For writes, only the leader can receive “write” requests.

Given this service’s size, deployments are tricky, and they have multiple ways to handle this. Deployments start in a small set of nodes. Before deployment, a suite of tests is executed for the upgrade version (new version) and the downgrade (older version, in case of rollback).

Once a service is deployed, it is rolled back on purpose to guarantee that this operation can be performed in the case of issues. Nodes might have different versions running at the same time. Sometimes a deployment will change message schemas, and keeping backward compatibility and forward is essential.

To solve this, they implement Read-Write deployments, which split a deployment into multiple phases, starting with a change allowing the current version to read the new message schema. Then the deployment that writes the new message.
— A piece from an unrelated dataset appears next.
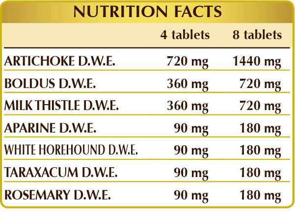 Artichoke (Cynara scolymus) leaf W.D.E., boldo (Peumus boldus) leaf W.D.E., milk thistle (Silybum marianum) fruit W.D.E., microcrystalline cellulose°, gum arabic°, white horehound (Marrubium vulgare) flowering herb W.D.E., dandelion (Taraxacum officinale) root W.D.E., cleavers (Galium aparine) flowering herb W.D.E., rosemary (Rosmarinus officinalis) leaf W.D.E., silicon dioxide°°, plant-based magnesium stearate°°.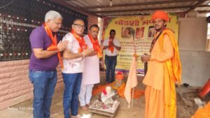 भाजपा प्रदेश कार्य समिति सदस्य व व्यापार प्रकोष्ठ के प्रदेश सह संयोजक बांठिया ने क्षेत्र के उमरलाई गांव स्थित श्री खुशालगिरी महाराज की जीवित समाधि जूना अखाड़ा स्थित ब्रह्मलीन रामानंद सरस्वती महाराज की समाधि स्थल पर पूजा अर्चना की उसके बाद मठ में बने भगवान भोलेनाथ के मंदिर में जलाभिषेक कर पूजा अर्चना की।मठ के महंत सोमानन्द सरस्वती महाराज के दर्शन कर आशीर्वाद लिया वही महाराज ने बांठिया का दुप्पटा व भगवान की प्रतिमा देकर स्वागत किया।वही हरियालो राजस्थान के तहत पौधारोपण कर पर्यावरण चेतना को लेकर पौधे वितरण भी किए।उसके बाद बांठिया ने जोधपुर के कायलाना रोड़ स्थित मिल्ट्री एरिया में बने भीम भिड़क भीमेश्वर महादेव मंदिर में पूजा अर्चना कर देश मे अमन चैन व खुशहाली की कामना की।वही वहां पर चातुर्मासिक कर रहे सिवाना के अभय धाम महंत नृत्यगोपालराम महाराज के दर्शन कर आशीर्वाद लिया।

Lastly, automatic monitoring after deployments is essential for a service this significant.

For a service this size, there’s a need for some external dependencies (like authentication or fetching secrets). When these services have issues, it will affect Dynamo’s performance. To resolve this, and without jeopardising security, Dynamo DB can run even when some services are impaired by implementing a statically stable design. The process looks like this:

  1. Cache these services’ responses for some time.
  2. Asynchronously fetch the latest data version on every request to maintain it fresh while keeping low latency times with the client.
  3. Continue operating with the stale data until it is no longer valid (by that time, the impaired service’s issues might be resolved).
  4. Any new request not cached while the external service is impaired will fail.

3) Durability and Integrity of the data

The partition leader handles every write operation. Once a write operation is received, the leader will create a write-ahead log entry and replicate it to its followers. Only until they acknowledge this entry does the leader acknowledge to the client the new record.
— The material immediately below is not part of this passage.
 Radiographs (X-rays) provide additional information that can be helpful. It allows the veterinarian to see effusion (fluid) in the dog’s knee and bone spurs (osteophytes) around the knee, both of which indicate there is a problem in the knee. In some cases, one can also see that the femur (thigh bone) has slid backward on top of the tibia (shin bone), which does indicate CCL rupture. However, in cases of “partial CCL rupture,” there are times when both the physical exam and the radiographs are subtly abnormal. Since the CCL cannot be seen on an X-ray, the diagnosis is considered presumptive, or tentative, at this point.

For writes to happen, there must be enough replicas in the partition quorum. If not enough, all write operations for that partition are paused. When a partition replica in the group goes down, the system will spin up a “log replica”. A log replica is a type of a follower node that can join a partition quorum but only keeps the write-ahead log, not the B-tree with data. Spinning this up can be very fast and will help maintain the quorum.

Silent errors (errors that affect the integrity of the data) are hard to catch. The origin of these errors might be at the code level or transport level, where data get corrupted. That’s why all messages between nodes and other systems are validated using checksums.

Equally, there’s continuous data verification at rest through scheduled processes that verify that the data between the replicas and live nodes is the same.

Backups and restores are generated from the write-ahead logs and pushed to S3. For point-in-time restores, a combination of partition snapshots and WAL is used.